Everything was black. Her head pulsed with a dull, growing ache. Her stomach gurgled minutely. She heaved a sigh and felt her ribs shift uncomfortably, her shoulders rising and falling stiffly.
Clara Oswin Owald and the Doctor had gotten themselves into a jam, once again. Not like that's normal or anything she though sardonically. She stood on tiptoe with her arms stretched upward at 45 degree angles, her wrists cruelly manacled with silver, rough clamps bound by chains that disappeared up…up…up…there was a round, metal ceiling above, one that didn't match her cylindrical surroundings. Opening her eyes in an exhausted squint, she gazed at the damp stone bricks ahead. Eyeing a slow drip slide in the brick grooves, the darkness came for her again.
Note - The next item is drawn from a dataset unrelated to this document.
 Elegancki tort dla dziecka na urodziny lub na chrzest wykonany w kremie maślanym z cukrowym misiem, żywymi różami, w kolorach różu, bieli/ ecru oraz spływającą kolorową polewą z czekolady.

She shut her eyes, replaying the day.
"Clara! Split!" he yelled, guiding her route down a slick alleyway while he himself dodged the divider and slipped beneath a cart, zipping uncoordinatedly through the populated marketplace. And they had split. First mistake.
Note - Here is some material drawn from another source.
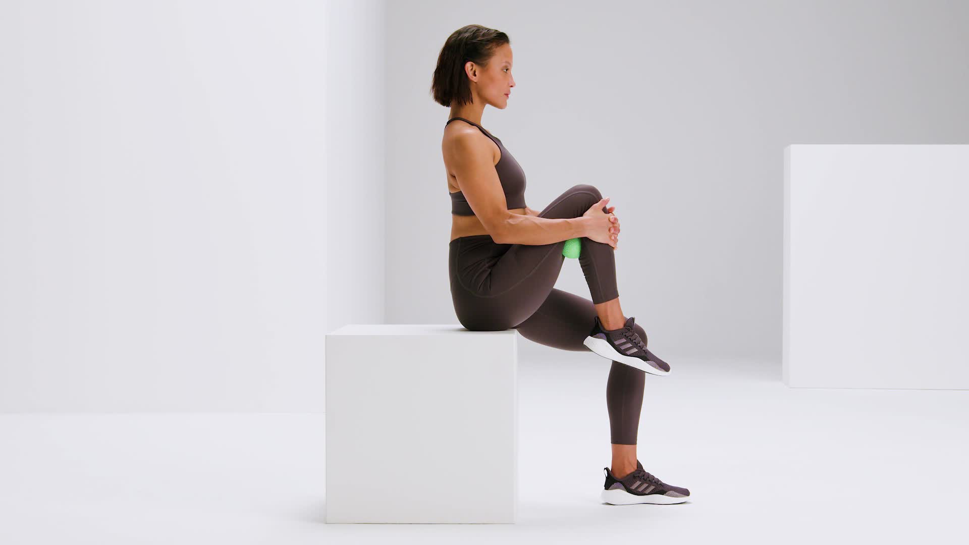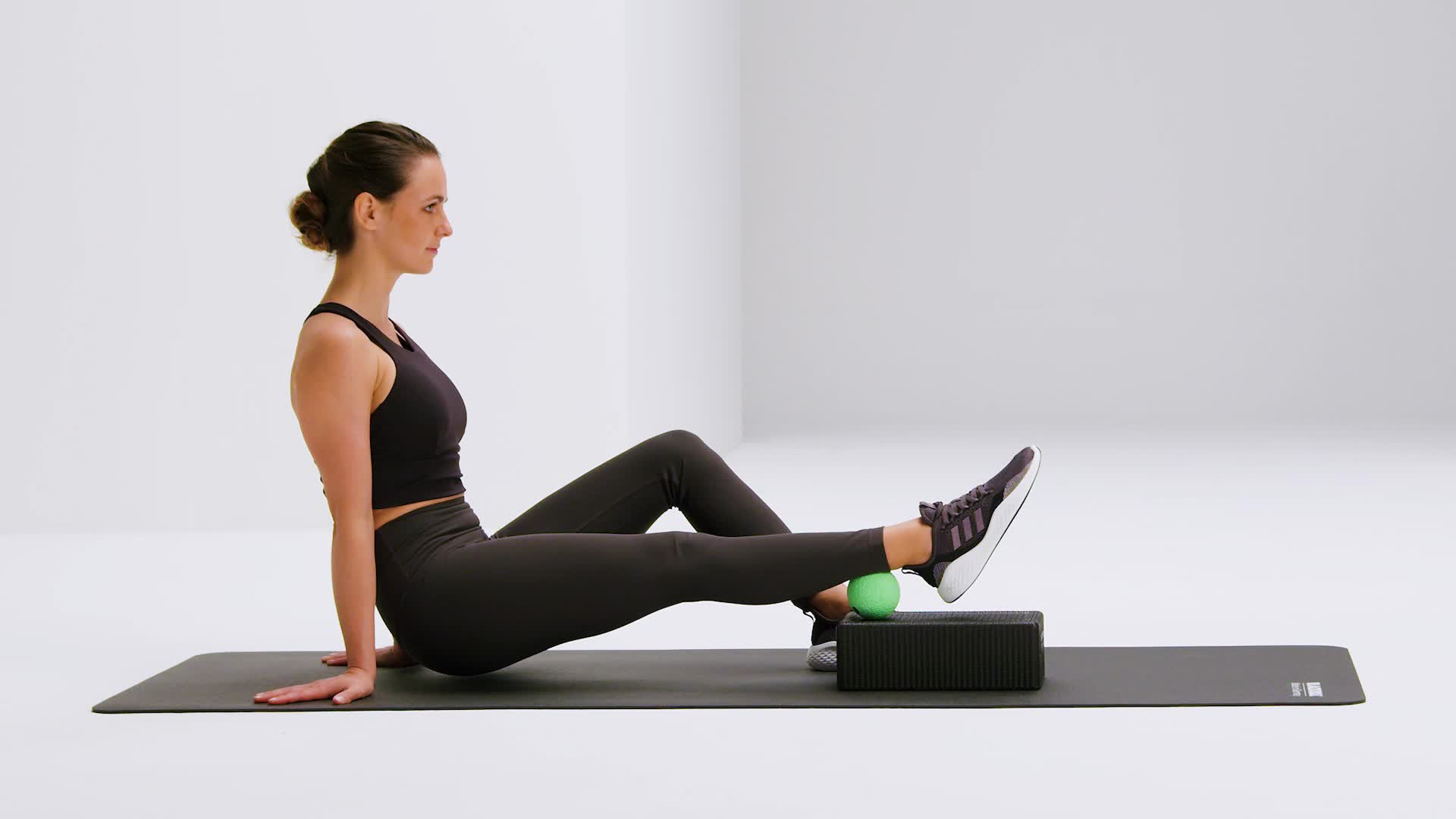 Winkel im Sitzen ein Bein. Platziere die Wade des gestreckten Beins auf dem BALL 08 und dem BLOCK. Stütze dich mit den Armen hinter deinem Körper ab. Hebe dein Gesäß vom Boden ab. Rolle deine Wade zügig aus.

She'd continued, hearing the clip-clop of her pursuers as the floor she pounded across became a downhill slope…she wouldn't be able to see very soon. Had he lead her to a dead end?
"You've nowhere to run dearie, best come with us!" grated her pursuer, a rugged, tech-clad man on horseback who probably hadn't had a bath in his life. His silver teeth and blue-lighted cyborg eye glinted in the flickering, simulated torchlight. "Do come dearie, we promise a good time!" hooted another, earning "oooo"s and whoops of agreement.
Not in a million years, she thinks, rolling her eyes as she escapes the torchlight.
As her sight completely dissipates in the blackness, a familiar hand grabs her wrist and pulls her aside. She breaks into a grin and runs with the Doctor, only to be stopped short by torchlight coming from the other side. "You didn't get rid of them?" she said incredulously. "Well, I thought I lost them…" shrugged the Doctor….after that they'd been lead to the Overseer, separated, and imprisoned in their own separate cells—the usual capture.
That'd been early this morning. She guess it'd have to be about 2:30 by now, because she was ravenously hungry. She could always eat a horse at 2:30, that heavenly minute the bell strikes, the students saunter and waddle and sprint away, the odd colleague stop for a chat…and then home to her flat. Home to a nice long soak and a coffee or a tea, maybe picking up some takeout on special days like Tuesdays and Fridays. Oh, how she longed to be home and warm and cozy…her head fell forward against her chest, her dry mouth watering at the prospect of anything food or snack, especially the remainder of that cinnamon-french-toast bagel left over from yesterday…
Her feet gave way and she hung limply, straining her arms uncomfortably. She watched her feet dangle, inches above the floor when she heard a creaaaaaak and saw a thin stream of foul-looking yellow liquid cascade towards her. Immediately standing on tiptoe so as to stop the flow, she hoped desperately that it wasn't urine.
She got her wish. "AAAAAAAAAAAAAAAAAAAAAAAAAHHHHHHHH!"
She screamed as a torrent of pain burned through her skin and melted the sinews of her neck, vowing to never ever ever go flat-foot again. Her sobs echoed through the chamber, the acrid smell of burning flesh intensified by the humidity of the dungeon. Once more, the darkness swallowed her, the borders of her vision degrading in smoldering rings of crimson.